One way around this is to have a character that doesn't know about the world.

The first Matrix film (and the only one, for my money) handled this beautifully. Neo doesn't know anything about The Matrix. Therefore, he _must_ learn. If there were no scenes of him acting as the audience surrogate, and instead he just went off to whoop ass and be awesome, it wouldn't make sense. The audience would be sitting there thinking 'how/when did he figure out how to do that?'. In this instance, the exposition becomes more than audience information. It becomes important plot and story information that aids in the development and growth of Neo's character.

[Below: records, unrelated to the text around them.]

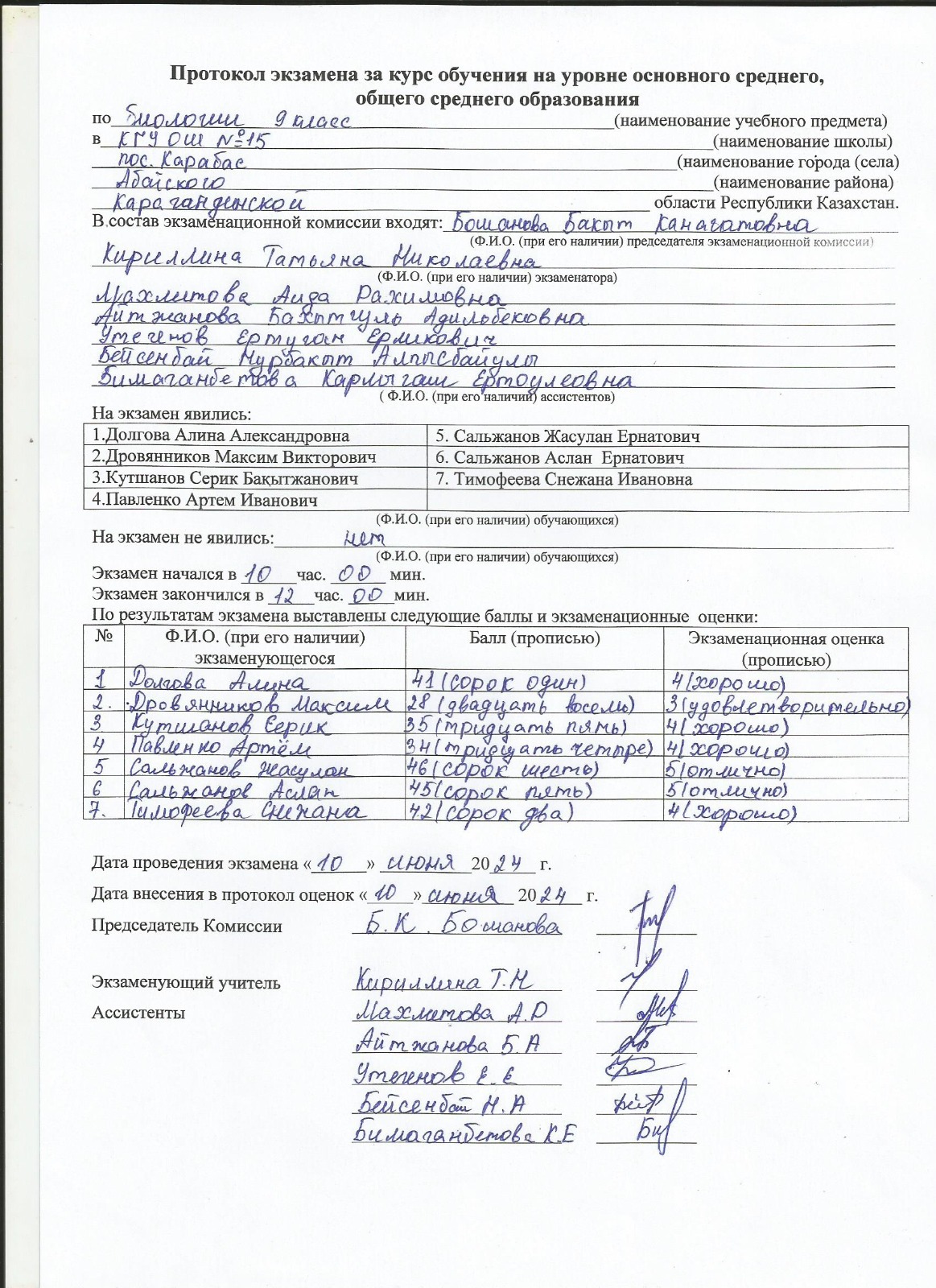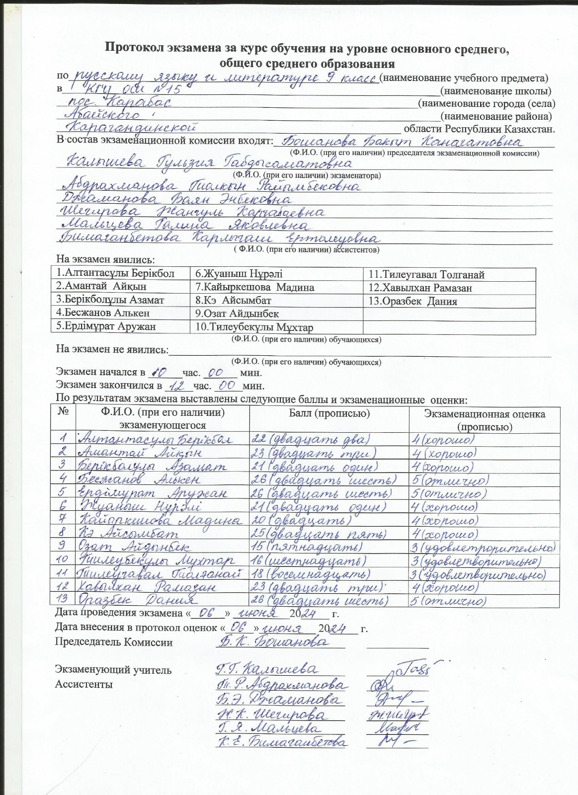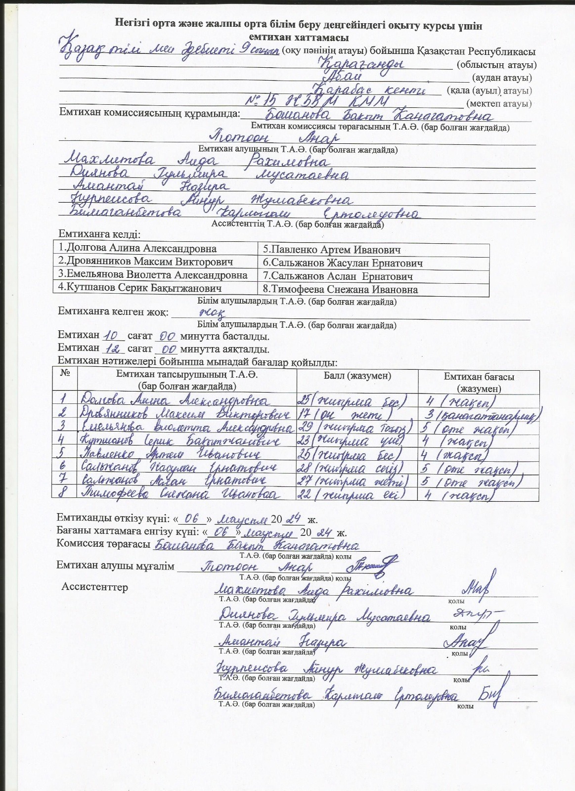 Протоколы экзаменов 9 класс 2023 г.Емтихан хаттамалары 9 сынып 2024 ж. 1
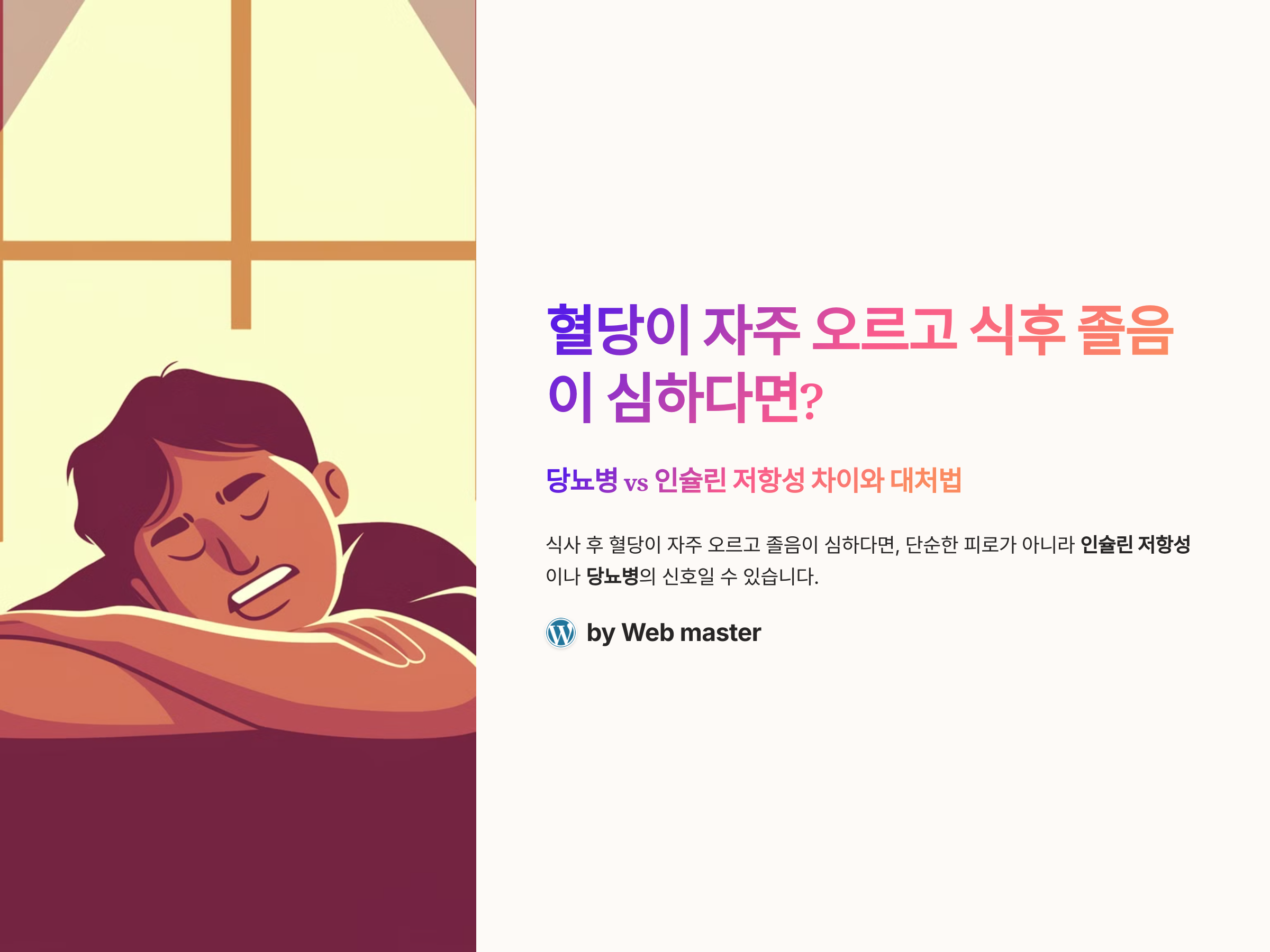 - 혈당이 자주 오르고 식후 졸음이 심하다면 당뇨 전 단계일 가능성이 크므로 식단, 운동, 보충제 섭취 등을 적극적으로 실천해야 합니다.
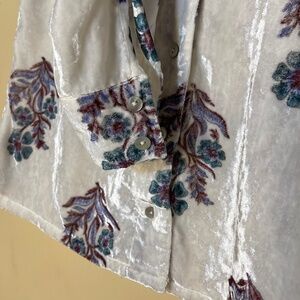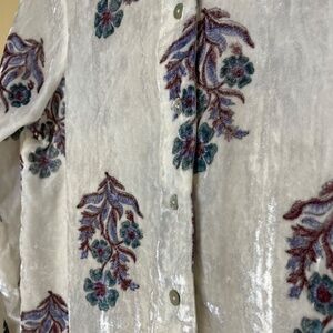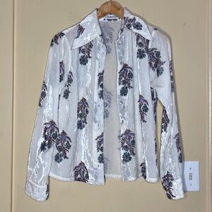 Elegant white blouse with floral pattern. Features long sleeves and button-up front. Perfect for casual or formal wear.
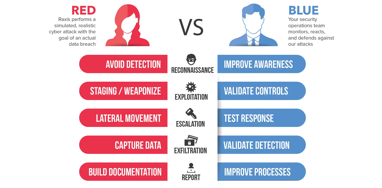 Trong nhiều tổ chức, hoạt động này được tổ chức thành hai vai trò rõ ràng: Red team và Blue team.
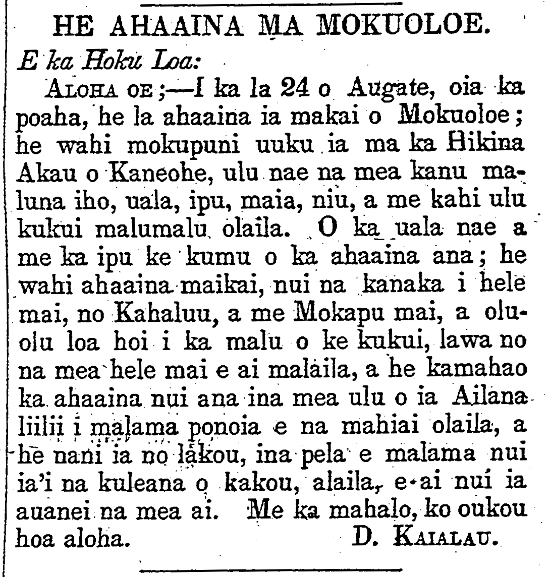 Aloha oe:—The 24th of August, which was a Thursday, was a day of party at the shore of Mokuoloe; it is a small island to the Northeast of Kaneohe, and yet plants grow upon it: sweet potato, gourd, banana, coconut, and its shady kukui grove. The focus of the feast was the sweet potato and gourd; it was a fine party, with many people who came from Kahaluu, and Mokapu, and it was very pleasant in the shade of the kukui, with enough food for all that came; the great spread of produce well-cared for by the farmers of this tiny Island was astonishing, and it would be a good thing if all our own lands were taken care of in the same way, then we’d in time be feasting off of the fruits. With mahalo, your friend.
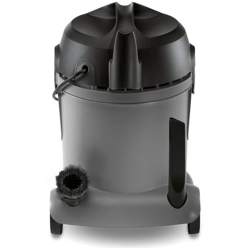 Профессиональный пылесос сухой уборки Karcher оборудован пластмассовым резервуаром емкостью 14 л, куда попадают пищевые отходы или грязь. Благодаря такому объему не требуется делать частые перерывы в работе.
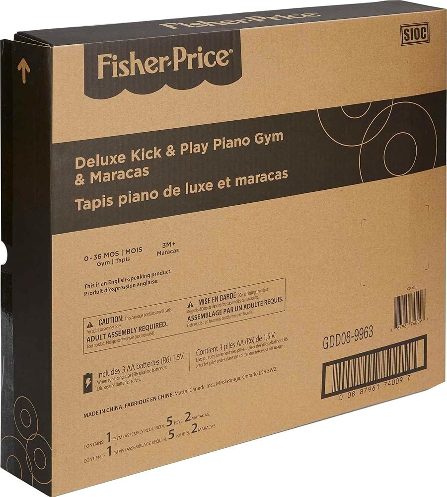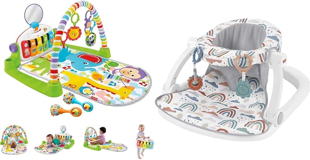 The Fisher-Price Kick & Play Piano Gym is a musical activity gym with 4 ways to play as your baby grows from newborn to toddler! Moveable toys on the overhead arch encourage little ones to bat and grasp as they lay on the playmat and kick up some tunes on the piano. The arch adjusts for tummy-time play and the piano toy removes, so little musicians can sit up and play or take the show on the road.
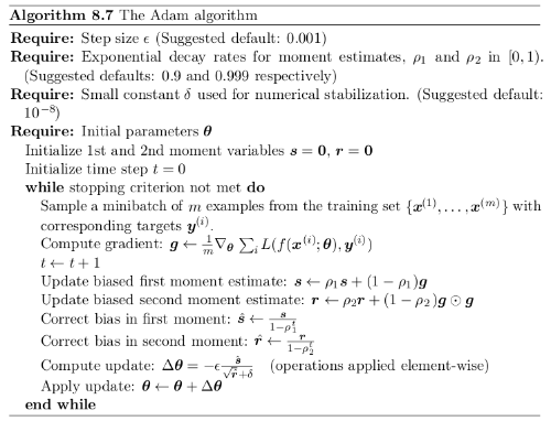 이 알고리즘에서 속도 벡터 v가 등장합니다. 속도 벡터는 그동안의 경사도를 누적한 것으로 초기에는 영벡터로 초기화한 상태로 시작됩니다. 그리고 momentum parameter는 관성을 얼마나 부여할지 결정하는 파라미터입니다. 0이면 관성이 아예 없게 되므로 기존의 경사도 갱신하는 방법과 동일하게 됩니다. 1에 가까워질수록 이전 경사도 정보들에 큰 가중치를 주게 되므로 모델의 파라미터가 그리는 궤적이 매끄러워지게 됩니다.
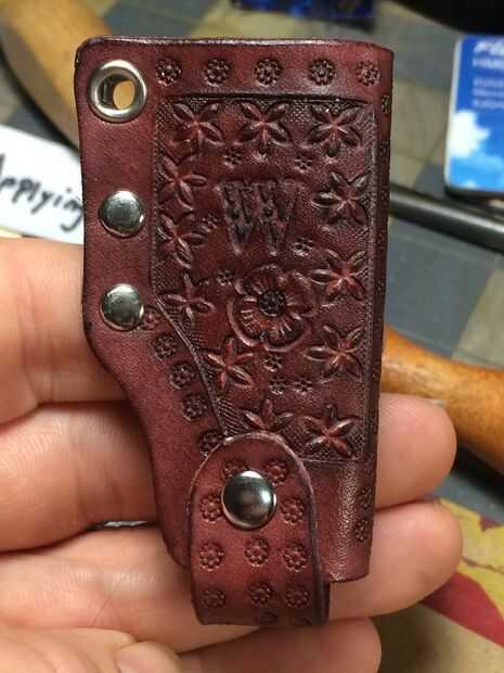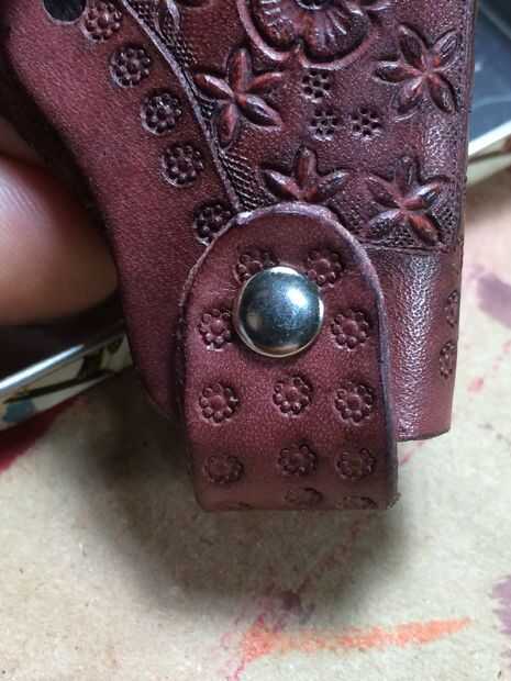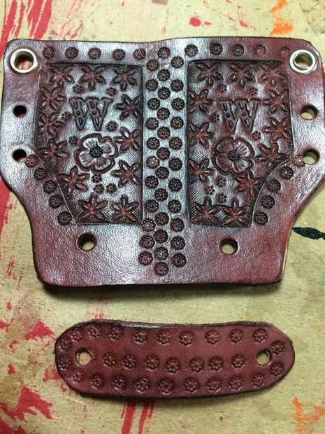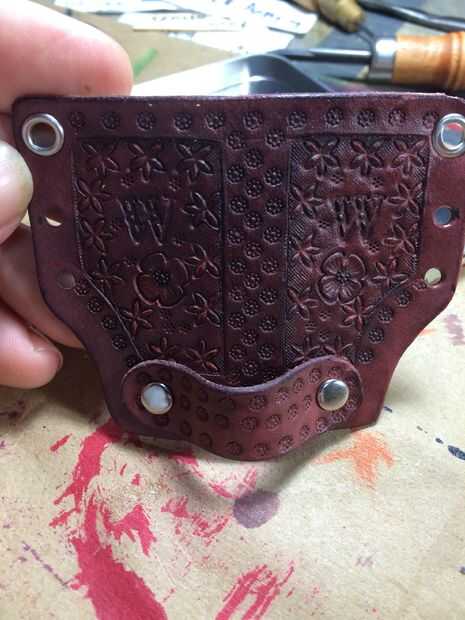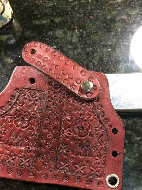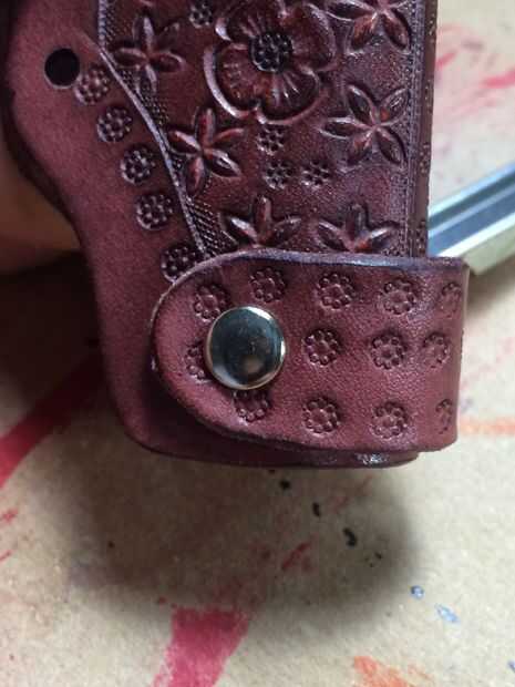 Ahora el tapón. Coloque la funda plano con el diseño hacia arriba y poner un remache base en cada agujero hecho por el tapón. Coloque el tapón de eso y establecer un remache (nota no ponerlo 100% ajustado necesita ajuste sala siguiente) entonces establece el otro lado del mismo modo. Doblar la funda en su posición correcta y tire el tapón alrededor en su posición correcta. Ahora puedes ver por qué no quieres tornillo apretado. Puede establecerlos más estrictos si necesita ahora.

Granted, this is only a situational fix and I am by no means suggesting every fantasy story should behave in this manner, but having a character that knows little about what's going on is generally a good vehicle for getting information to the audience without the exposition feeling out of place or forced.


----------



## Kit (Oct 31, 2012)

Anyone who is in training (as a warrior, mage, etc) is going to be constantly thinking, practicing and being told things that the audience needs to know even if that character already knows quite a bit about the world.


----------



## Chilari (Oct 31, 2012)

A character who has had so far only one persepctive of the world they live in coming into contact with alternative perspectives and new experiences. This could be someone who has been a monk or nun all their lives going out into the rest of the world, or someone who has had a sheltered upbringing thanks to the wealth of their parents (the Buddha is a great real-world example for this), or someone who has only ever seen the underside of society newly experiencing the way the "other half" live.

A way of doing it without an audience surrogate would be to just describe things in as natural a manner as possible.


----------



## Jess A (Nov 1, 2012)

I suppose the reader 'views' the world through the characters' contexts, as described above by others. Using a medieval world as an example:

- Coming to a medieval world with a modern world context/history.

- A peasant in a medieval world.

- A king or wizard in a medieval world.

All will have different reactions to things, different perspectives. As Feo said, let the reader discover the world through the character(s). Info dump is tempting when you've spent years building a super fantastic world, but some readers may lose interest.

If you want to go ahead with the surrogate, however, you could have someone telling a story. Start off with a character aged and writing the book about his or her past, or a character writing a book about another extraordinary person. The 'writer'/narrator might describe the world in more detail.


----------